13.1. Binary variables
Let’s assume 3 binary variables \(X_0\), \(X_1\) and \(Y\) with the structure \(X_0 \rightarrow Y \leftarrow X_1\). The local probability models binomial distributions parameterized as follows.
\(X_0 \sim \mathcal{B}(1, 0.1)\)
\(X_1 \sim \mathcal{B}(1, 0.5)\)
\(Y \sim \mathcal{B}(1, \dfrac{1}{1 + e^{-(0.1 + 2.3 X_0 - 3.4 X_1)}})\)
For all instantiations of \(X_0\), \(X_1\) and \(Y\), we want to estimate from the data \(P(Y=y | X_0=x_0, X_1=x_1)\).
[1]:
import pandas as pd
import numpy as np
from scipy.stats import binom
np.random.seed(37)
N = 1_000
x_0 = np.random.binomial(1, 0.1, N)
x_1 = np.random.binomial(1, 0.5, N)
y = binom.rvs(1, 1 / (1 + np.exp(-(0.1 + 2.3 * x_0 - 3.4 * x_1))))
Xy = pd.DataFrame({
'x_0': x_0,
'x_1': x_1,
'y': y
})
X, y = Xy[['x_0', 'x_1']], Xy['y']
X.shape, y.shape
[1]:
((1000, 2), (1000,))
Now we will learn logistic regression and random forest models.
[2]:
from sklearn.linear_model import LogisticRegression
from sklearn.ensemble import RandomForestClassifier
M = {
'L': LogisticRegression(solver='saga', random_state=37, n_jobs=-1).fit(X, y),
'R': RandomForestClassifier(random_state=37, n_jobs=-1, n_estimators=20).fit(X, y)
}
[3]:
def get_conditional_probs(m):
def p(x_0, x_1, y):
n = (Xy['x_0']==x_0) & (Xy['x_1']==x_1) & (Xy['y']==y)
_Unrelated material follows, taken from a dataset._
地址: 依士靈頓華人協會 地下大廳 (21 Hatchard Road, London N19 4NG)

d = (Xy['x_0']==x_0) & (Xy['x_1']==x_1)
return Xy[n].shape[0] / Xy[d].shape[0]
m_pred = pd.DataFrame({'x_0': [0, 0, 1, 1], 'x_1': [0, 1, 0, 1]}) \
.assign(
p=lambda d: [r for r in m.predict_proba(d)],
m_p_0=lambda d: d.apply(lambda r: r['p'][0], axis=1),
m_p_1=lambda d: d.apply(lambda r: r['p'][1], axis=1),
y_0=0,
y_1=1
) \
.drop(columns=['p']) \
[['x_0', 'x_1', 'y_0', 'y_1', 'm_p_0', 'm_p_1']] \
.set_index(['x_0', 'x_1', 'y_0', 'y_1'])
d_pred = pd.DataFrame({
'x_0': [0, 0, 1, 1],
'x_1': [0, 1, 0, 1],
'y_0': [0, 0, 0, 0],
'y_1': [1, 1, 1, 1]
}) \
.assign(
d_p_0 = lambda d: d.apply(lambda r: p(r.x_0, r.x_1, r.y_0), axis=1),
d_p_1 = lambda d: d.apply(lambda r: p(r.x_0, r.x_1, r.y_1), axis=1)
) \
.set_index(['x_0', 'x_1', 'y_0', 'y_1'])
return m_pred.join(d_pred)[['m_p_0', 'd_p_0', 'm_p_1', 'd_p_1']]
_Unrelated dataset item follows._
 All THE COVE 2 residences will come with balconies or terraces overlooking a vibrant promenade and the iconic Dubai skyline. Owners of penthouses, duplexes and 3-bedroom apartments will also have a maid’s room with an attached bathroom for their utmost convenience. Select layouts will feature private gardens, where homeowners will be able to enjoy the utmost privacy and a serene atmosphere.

This table compares the conditional probabilities estimated by the logistic regression model compared to the empirical conditional probabilities. The columns are denoted as follows.
m_p_0: is the model’s estimation of \(P(Y=0 | X_0=x_0, X_1=x_1)\)
m_p_1: is the model’s estimation of \(P(Y=1 | X_0=x_1, X_1=x_1)\)
d_p_0: is the data estimation of \(P(Y=0 | X_0=x_0, X_1=x_1)\)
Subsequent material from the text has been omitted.